> [WORK INSTRUCTIONS]
Copy each entry below unchanged; the images do not go in the copy.
╭─ DATA SUPPLIED
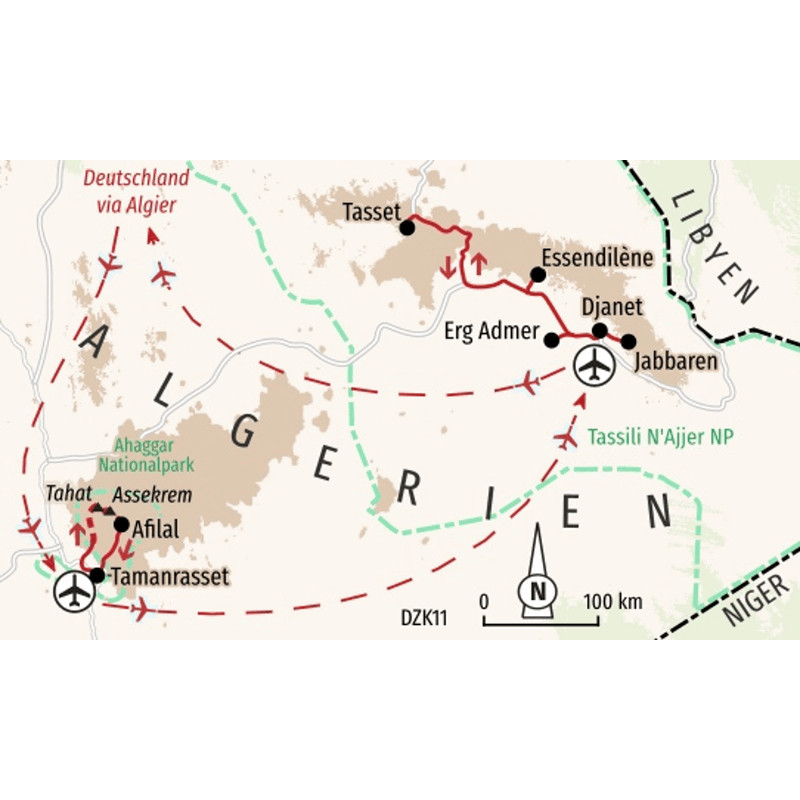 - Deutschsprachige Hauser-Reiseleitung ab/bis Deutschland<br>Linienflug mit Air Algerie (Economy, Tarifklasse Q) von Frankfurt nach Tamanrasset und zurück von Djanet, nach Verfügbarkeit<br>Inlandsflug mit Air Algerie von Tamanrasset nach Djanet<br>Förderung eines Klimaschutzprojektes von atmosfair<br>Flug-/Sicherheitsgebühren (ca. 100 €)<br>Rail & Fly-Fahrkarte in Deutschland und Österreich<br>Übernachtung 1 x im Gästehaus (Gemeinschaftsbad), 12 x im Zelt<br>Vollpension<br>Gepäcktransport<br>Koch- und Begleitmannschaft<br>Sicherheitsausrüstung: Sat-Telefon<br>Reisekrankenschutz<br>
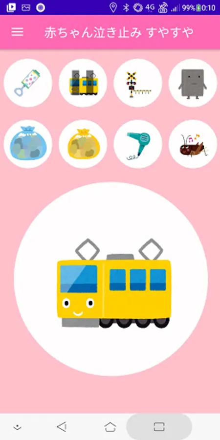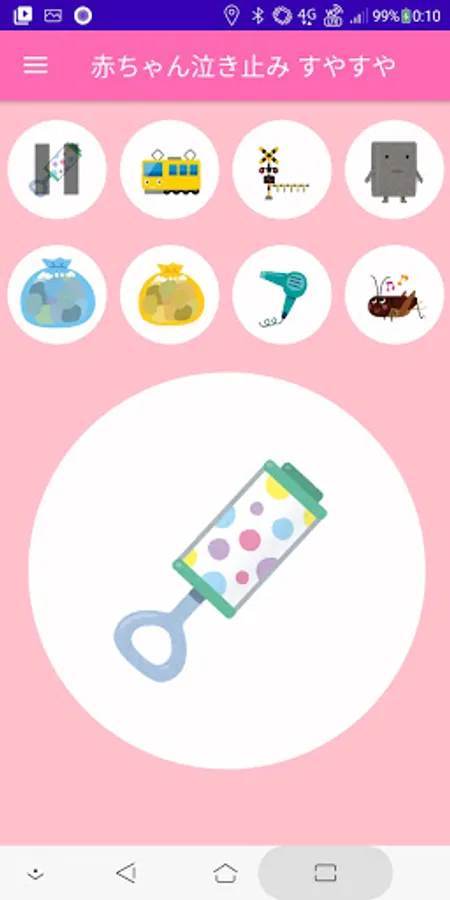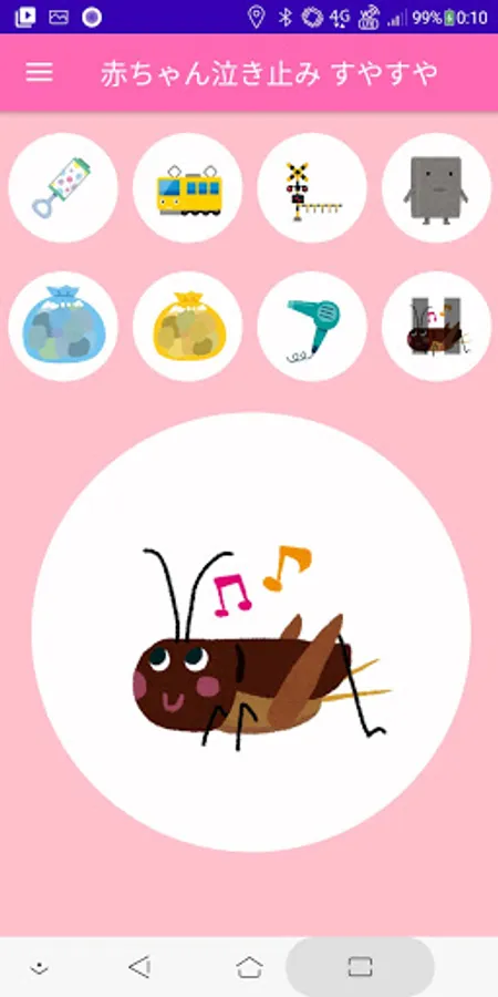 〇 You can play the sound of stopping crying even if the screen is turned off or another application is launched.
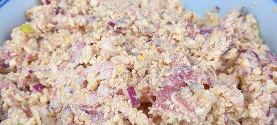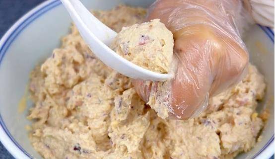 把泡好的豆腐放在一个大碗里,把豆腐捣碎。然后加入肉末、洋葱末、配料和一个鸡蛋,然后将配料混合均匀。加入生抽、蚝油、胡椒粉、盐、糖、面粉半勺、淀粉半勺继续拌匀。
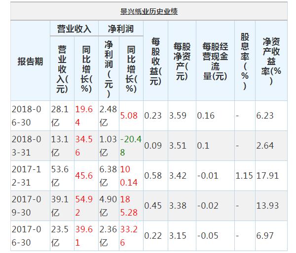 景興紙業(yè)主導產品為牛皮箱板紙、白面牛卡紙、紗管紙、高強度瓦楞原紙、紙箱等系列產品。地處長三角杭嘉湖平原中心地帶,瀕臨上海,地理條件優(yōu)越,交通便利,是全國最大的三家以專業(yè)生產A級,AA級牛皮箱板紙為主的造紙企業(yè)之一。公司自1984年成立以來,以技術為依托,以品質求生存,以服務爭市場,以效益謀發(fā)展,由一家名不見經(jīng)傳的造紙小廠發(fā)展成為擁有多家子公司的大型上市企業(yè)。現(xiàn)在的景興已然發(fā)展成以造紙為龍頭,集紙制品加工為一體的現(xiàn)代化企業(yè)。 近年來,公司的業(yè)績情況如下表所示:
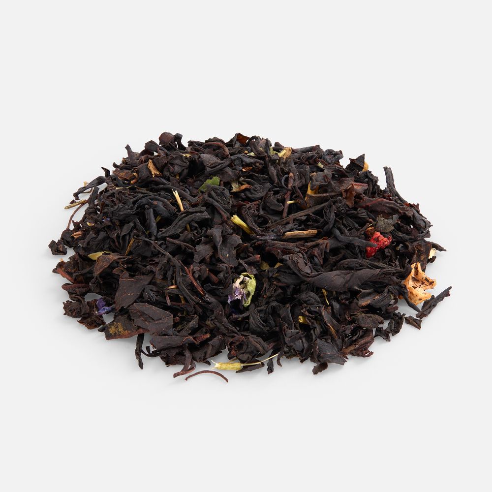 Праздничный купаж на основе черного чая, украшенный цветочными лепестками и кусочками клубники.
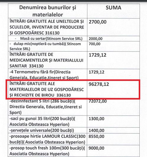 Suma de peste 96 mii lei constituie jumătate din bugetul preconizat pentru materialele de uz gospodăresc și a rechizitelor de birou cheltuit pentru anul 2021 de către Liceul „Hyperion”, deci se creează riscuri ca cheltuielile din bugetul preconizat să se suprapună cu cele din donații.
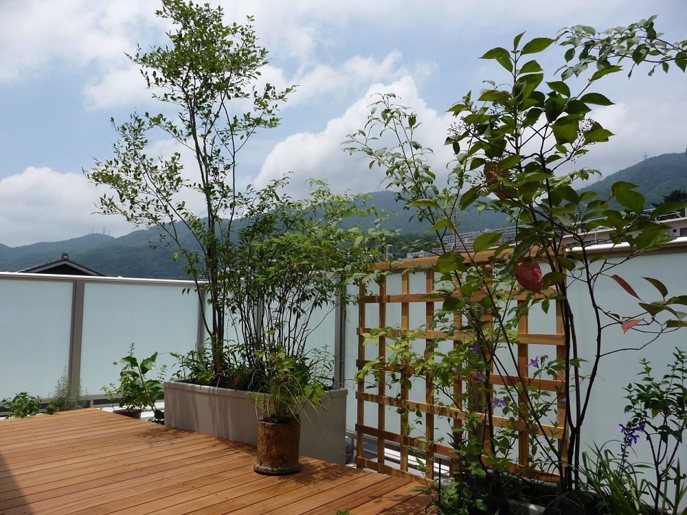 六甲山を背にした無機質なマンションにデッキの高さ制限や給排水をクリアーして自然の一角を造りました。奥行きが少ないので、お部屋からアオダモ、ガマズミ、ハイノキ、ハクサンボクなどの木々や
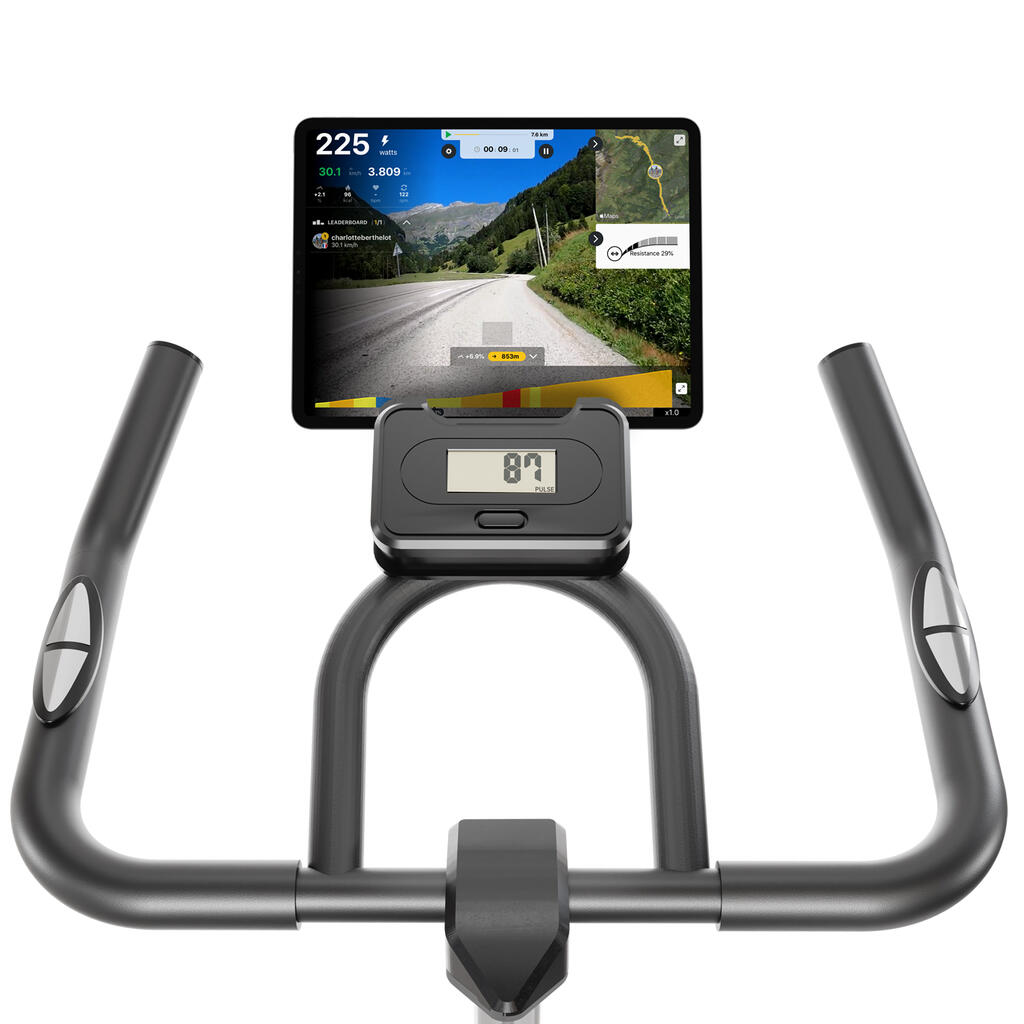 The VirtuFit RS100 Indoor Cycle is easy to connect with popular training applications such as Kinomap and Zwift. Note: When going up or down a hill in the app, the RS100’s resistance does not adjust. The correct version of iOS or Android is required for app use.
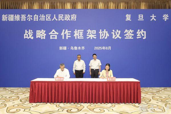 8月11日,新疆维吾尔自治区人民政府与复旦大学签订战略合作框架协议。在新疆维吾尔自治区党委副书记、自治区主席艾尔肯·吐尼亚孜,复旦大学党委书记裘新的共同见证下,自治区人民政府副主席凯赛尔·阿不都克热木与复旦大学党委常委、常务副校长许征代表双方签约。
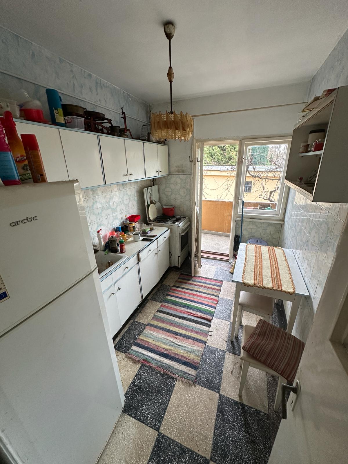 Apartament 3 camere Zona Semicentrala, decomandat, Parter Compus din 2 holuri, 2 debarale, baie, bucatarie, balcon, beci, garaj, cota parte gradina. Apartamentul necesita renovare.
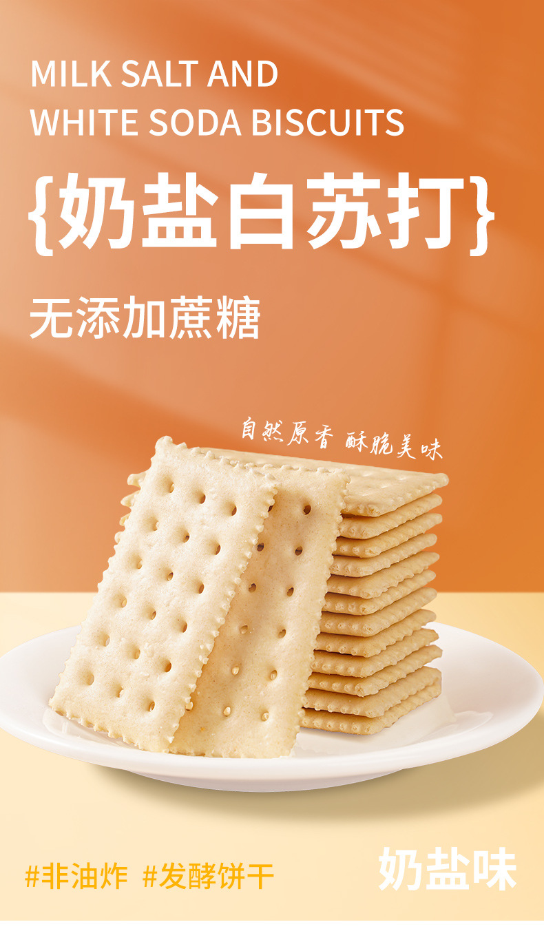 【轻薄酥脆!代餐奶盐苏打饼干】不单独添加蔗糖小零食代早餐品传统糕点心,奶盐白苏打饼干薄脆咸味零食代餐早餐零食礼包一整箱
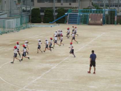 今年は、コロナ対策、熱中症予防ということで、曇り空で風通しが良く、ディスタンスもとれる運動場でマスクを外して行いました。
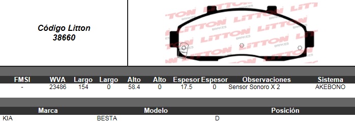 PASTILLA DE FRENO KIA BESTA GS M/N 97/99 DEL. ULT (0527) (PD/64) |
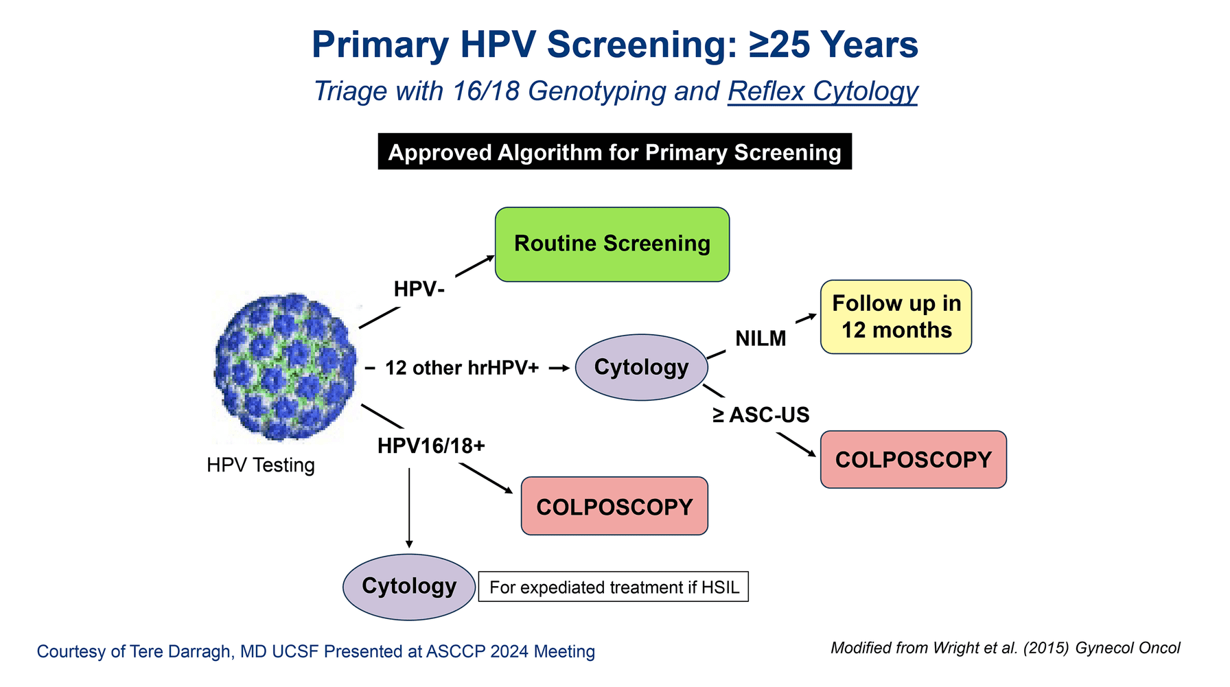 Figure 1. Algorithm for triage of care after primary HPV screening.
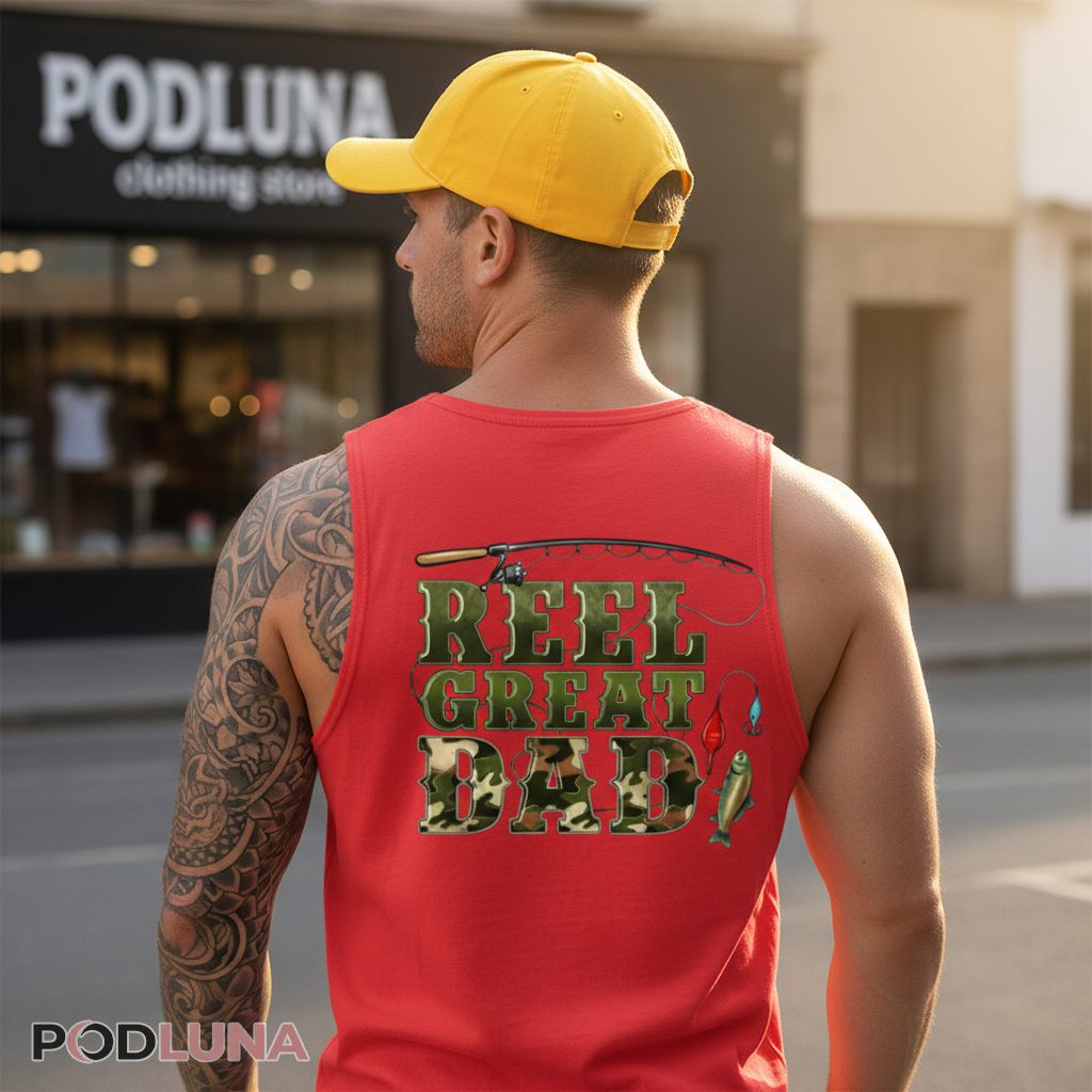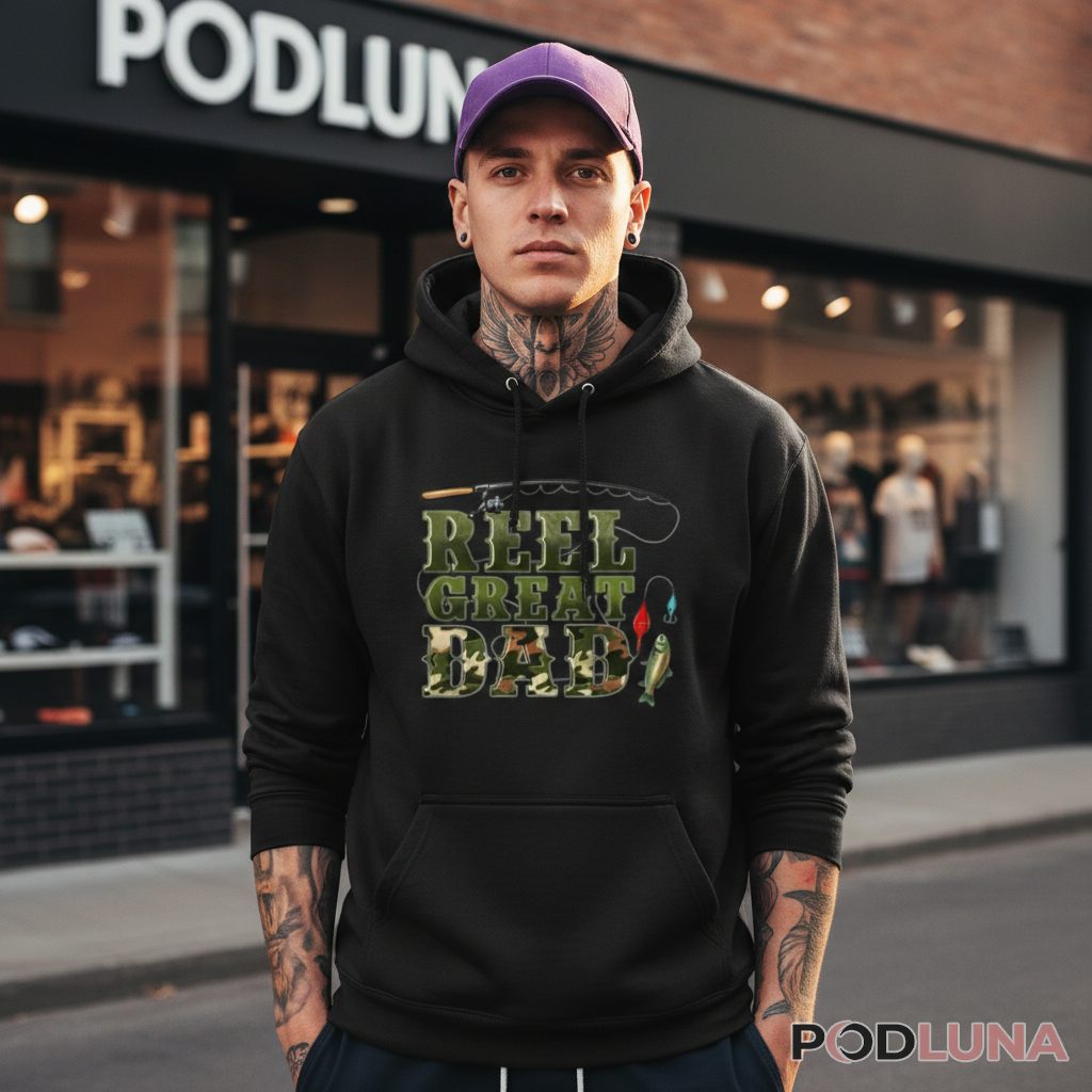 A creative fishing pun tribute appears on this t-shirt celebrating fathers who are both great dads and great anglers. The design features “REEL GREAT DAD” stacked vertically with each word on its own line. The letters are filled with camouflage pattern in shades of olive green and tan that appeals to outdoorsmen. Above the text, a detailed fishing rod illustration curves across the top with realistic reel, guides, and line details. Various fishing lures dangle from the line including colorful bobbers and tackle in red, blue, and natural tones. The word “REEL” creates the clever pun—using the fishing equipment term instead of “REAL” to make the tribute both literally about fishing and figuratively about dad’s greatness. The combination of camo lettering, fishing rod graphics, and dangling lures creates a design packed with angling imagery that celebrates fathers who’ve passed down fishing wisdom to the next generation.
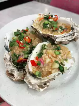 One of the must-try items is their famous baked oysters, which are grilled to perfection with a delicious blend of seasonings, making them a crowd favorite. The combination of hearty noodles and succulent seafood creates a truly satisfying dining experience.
╰─
> [TASK RESPONSE]
 - Deutschsprachige Hauser-Reiseleitung ab/bis Deutschland<br>Linienflug mit Air Algerie (Economy, Tarifklasse Q) von Frankfurt nach Tamanrasset und zurück von Djanet, nach Verfügbarkeit<br>Inlandsflug mit Air Algerie von Tamanrasset nach Djanet<br>Förderung eines Klimaschutzprojektes von atmosfair<br>Flug-/Sicherheitsgebühren (ca. 100 €)<br>Rail & Fly-Fahrkarte in Deutschland und Österreich<br>Übernachtung 1 x im Gästehaus (Gemeinschaftsbad), 12 x im Zelt<br>Vollpension<br>Gepäcktransport<br>Koch- und Begleitmannschaft<br>Sicherheitsausrüstung: Sat-Telefon<br>Reisekrankenschutz<br>
 〇 You can play the sound of stopping crying even if the screen is turned off or another application is launched.
 把泡好的豆腐放在一个大碗里,把豆腐捣碎。然后加入肉末、洋葱末、配料和一个鸡蛋,然后将配料混合均匀。加入生抽、蚝油、胡椒粉、盐、糖、面粉半勺、淀粉半勺继续拌匀。
 景興紙業(yè)主導產品為牛皮箱板紙、白面牛卡紙、紗管紙、高強度瓦楞原紙、紙箱等系列產品。地處長三角杭嘉湖平原中心地帶,瀕臨上海,地理條件優(yōu)越,交通便利,是全國最大的三家以專業(yè)生產A級,AA級牛皮箱板紙為主的造紙企業(yè)之一。公司自1984年成立以來,以技術為依托,以品質求生存,以服務爭市場,以效益謀發(fā)展,由一家名不見經(jīng)傳的造紙小廠發(fā)展成為擁有多家子公司的大型上市企業(yè)。現(xiàn)在的景興已然發(fā)展成以造紙為龍頭,集紙制品加工為一體的現(xiàn)代化企業(yè)。 近年來,公司的業(yè)績情況如下表所示:
 Праздничный купаж на основе черного чая, украшенный цветочными лепестками и кусочками клубники.
 Suma de peste 96 mii lei constituie jumătate din bugetul preconizat pentru materialele de uz gospodăresc și a rechizitelor de birou cheltuit pentru anul 2021 de către Liceul „Hyperion”, deci se creează riscuri ca cheltuielile din bugetul preconizat să se suprapună cu cele din donații.
 六甲山を背にした無機質なマンションにデッキの高さ制限や給排水をクリアーして自然の一角を造りました。奥行きが少ないので、お部屋からアオダモ、ガマズミ、ハイノキ、ハクサンボクなどの木々や
 The VirtuFit RS100 Indoor Cycle is easy to connect with popular training applications such as Kinomap and Zwift. Note: When going up or down a hill in the app, the RS100’s resistance does not adjust. The correct version of iOS or Android is required for app use.
 8月11日,新疆维吾尔自治区人民政府与复旦大学签订战略合作框架协议。在新疆维吾尔自治区党委副书记、自治区主席艾尔肯·吐尼亚孜,复旦大学党委书记裘新的共同见证下,自治区人民政府副主席凯赛尔·阿不都克热木与复旦大学党委常委、常务副校长许征代表双方签约。
 Apartament 3 camere Zona Semicentrala, decomandat, Parter Compus din 2 holuri, 2 debarale, baie, bucatarie, balcon, beci, garaj, cota parte gradina. Apartamentul necesita renovare.
 【轻薄酥脆!代餐奶盐苏打饼干】不单独添加蔗糖小零食代早餐品传统糕点心,奶盐白苏打饼干薄脆咸味零食代餐早餐零食礼包一整箱
 今年は、コロナ対策、熱中症予防ということで、曇り空で風通しが良く、ディスタンスもとれる運動場でマスクを外して行いました。
 PASTILLA DE FRENO KIA BESTA GS M/N 97/99 DEL. ULT (0527) (PD/64) |
 Figure 1. Algorithm for triage of care after primary HPV screening.
 A creative fishing pun tribute appears on this t-shirt celebrating fathers who are both great dads and great anglers. The design features “REEL GREAT DAD” stacked vertically with each word on its own line. The letters are filled with camouflage pattern in shades of olive green and tan that appeals to outdoorsmen. Above the text, a detailed fishing rod illustration curves across the top with realistic reel, guides, and line details. Various fishing lures dangle from the line including colorful bobbers and tackle in red, blue, and natural tones. The word “REEL” creates the clever pun—using the fishing equipment term instead of “REAL” to make the tribute both literally about fishing and figuratively about dad’s greatness. The combination of camo lettering, fishing rod graphics, and dangling lures creates a design packed with angling imagery that celebrates fathers who’ve passed down fishing wisdom to the next generation.
 One of the must-try items is their famous baked oysters, which are grilled to perfection with a delicious blend of seasonings, making them a crowd favorite. The combination of hearty noodles and succulent seafood creates a truly satisfying dining experience.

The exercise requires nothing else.